# Brief
The answer should consist of the full listing below, repeated exactly and free of pictures.

---------- Exercise data

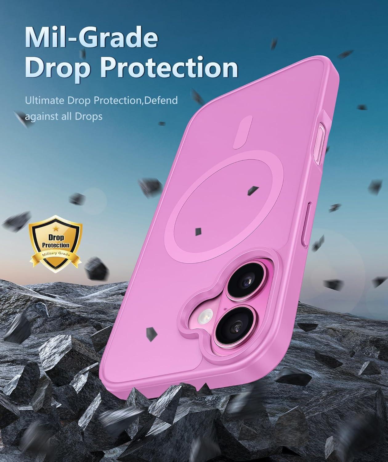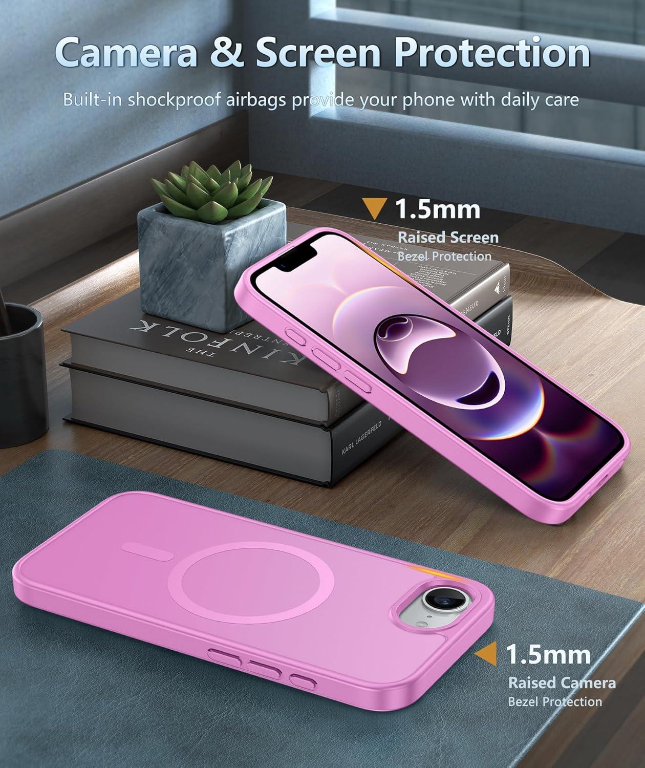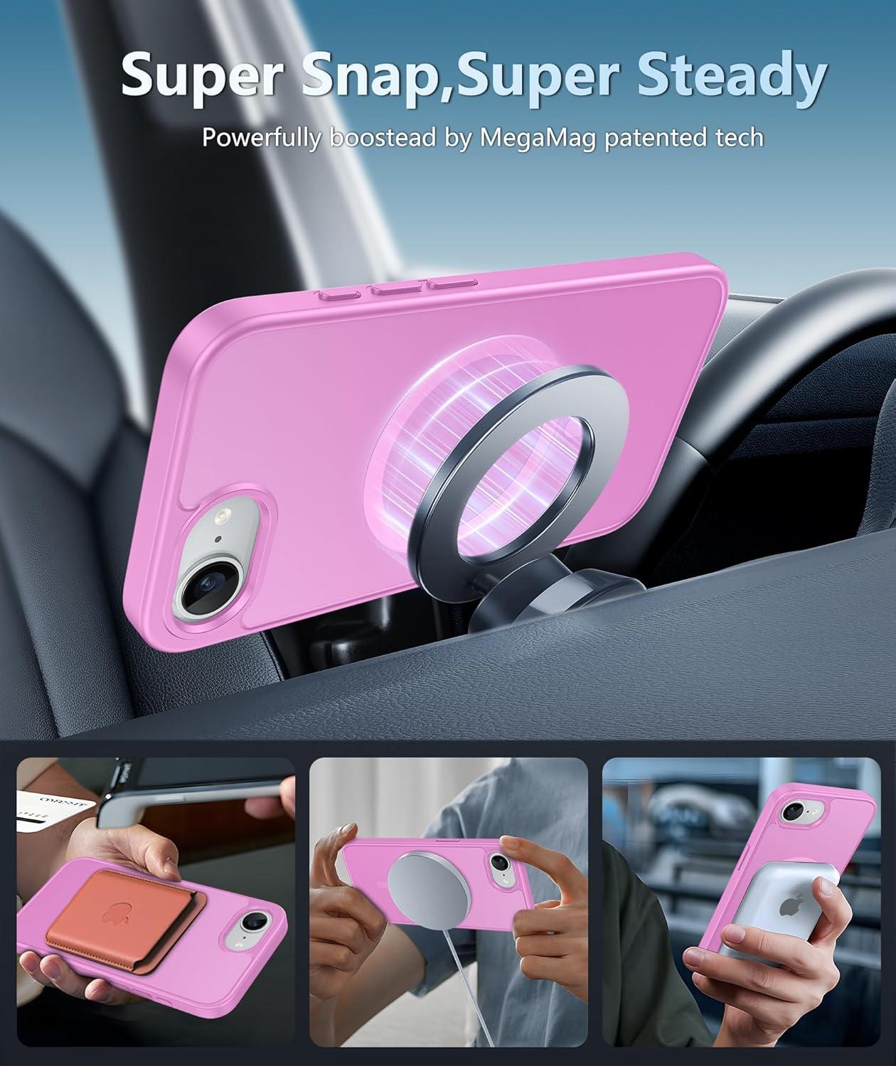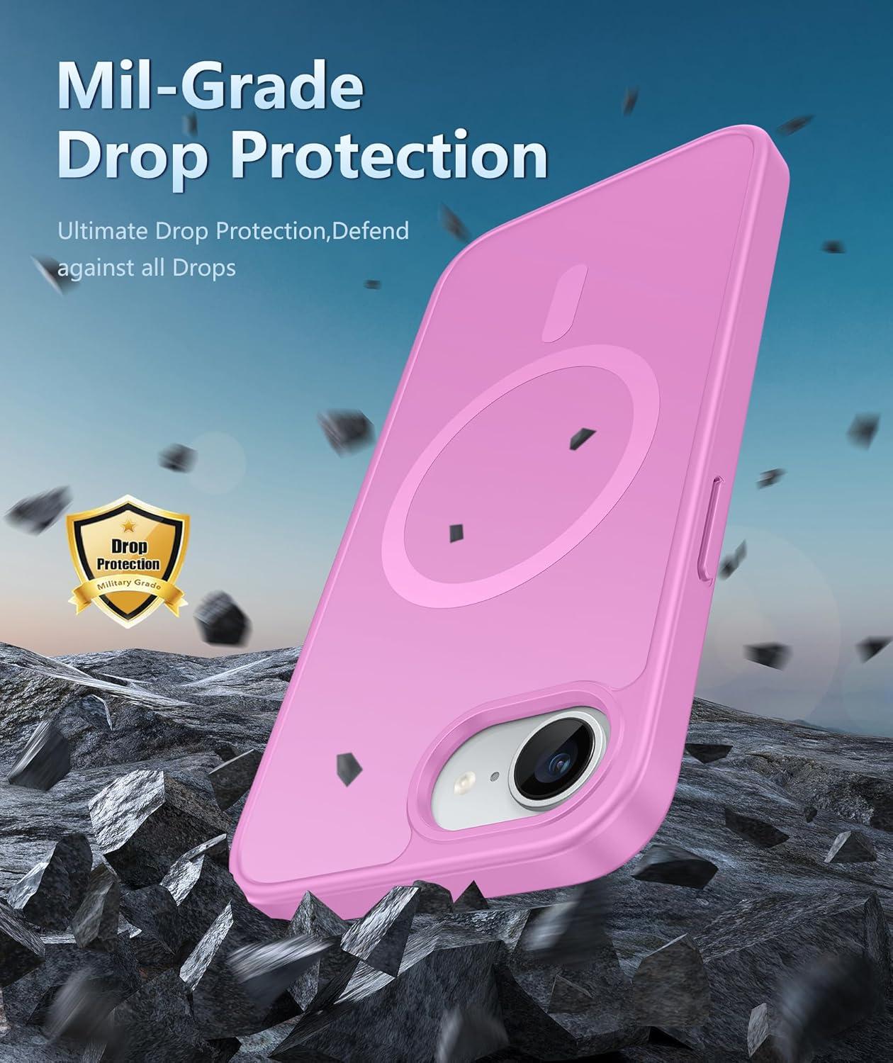 FNTCASE for iPhone 16e Phone Case: Magnetic Matte Textured Silicone Shockproof Military Grade Drop Protection Cell Phone Cover | Compatible with Magsafe | Slim Rugged Anti-Slip Protective Bumper(Pink)
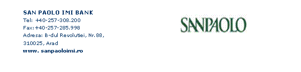 SANPAOLO IMI BANK ROMANIA este entitatea care reprezinta GRUPUL SANPAOLO IMI in Romania, ea fiind rezultat al politicii de internationalizare a Grupului, expresie a interesului acestuia fata de procesul de dezvoltare al tarilor din Europa de Est.
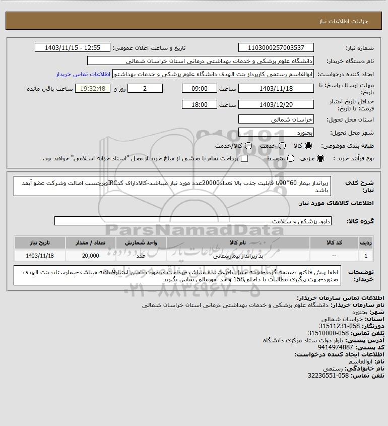 | 1 | -- | پد زیرانداز بیمارستانی | عدد | 20,000 | 1403/11/18 |
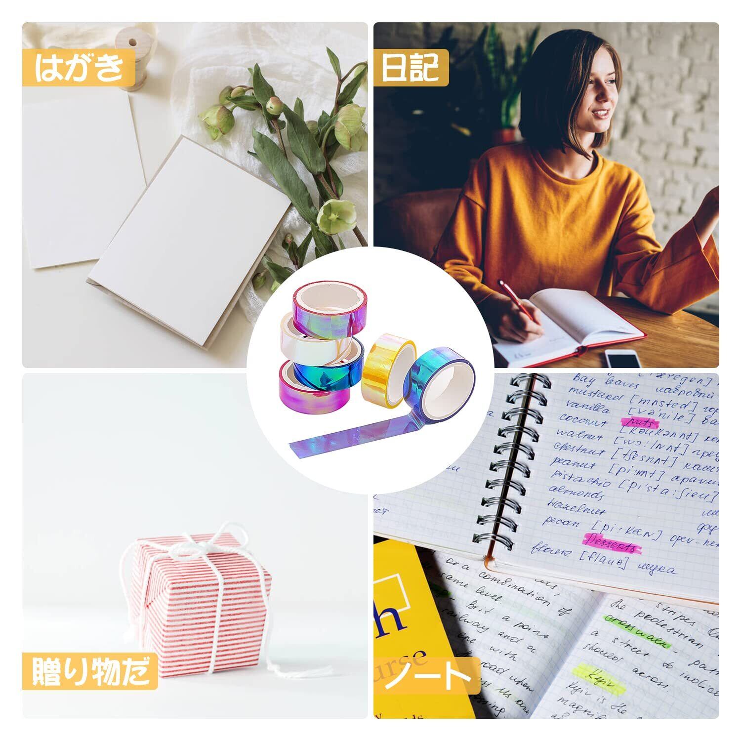 【製品の用途】DIYのピカピカの和紙テープ、かわいい和紙テープ、カレンダーページ、パッケージ、スクラップブックや消耗品、工芸品、日常の予定表にも適しています。

--------------------

# Worked solution
 FNTCASE for iPhone 16e Phone Case: Magnetic Matte Textured Silicone Shockproof Military Grade Drop Protection Cell Phone Cover | Compatible with Magsafe | Slim Rugged Anti-Slip Protective Bumper(Pink)
 SANPAOLO IMI BANK ROMANIA este entitatea care reprezinta GRUPUL SANPAOLO IMI in Romania, ea fiind rezultat al politicii de internationalizare a Grupului, expresie a interesului acestuia fata de procesul de dezvoltare al tarilor din Europa de Est.
 | 1 | -- | پد زیرانداز بیمارستانی | عدد | 20,000 | 1403/11/18 |
 【製品の用途】DIYのピカピカの和紙テープ、かわいい和紙テープ、カレンダーページ、パッケージ、スクラップブックや消耗品、工芸品、日常の予定表にも適しています。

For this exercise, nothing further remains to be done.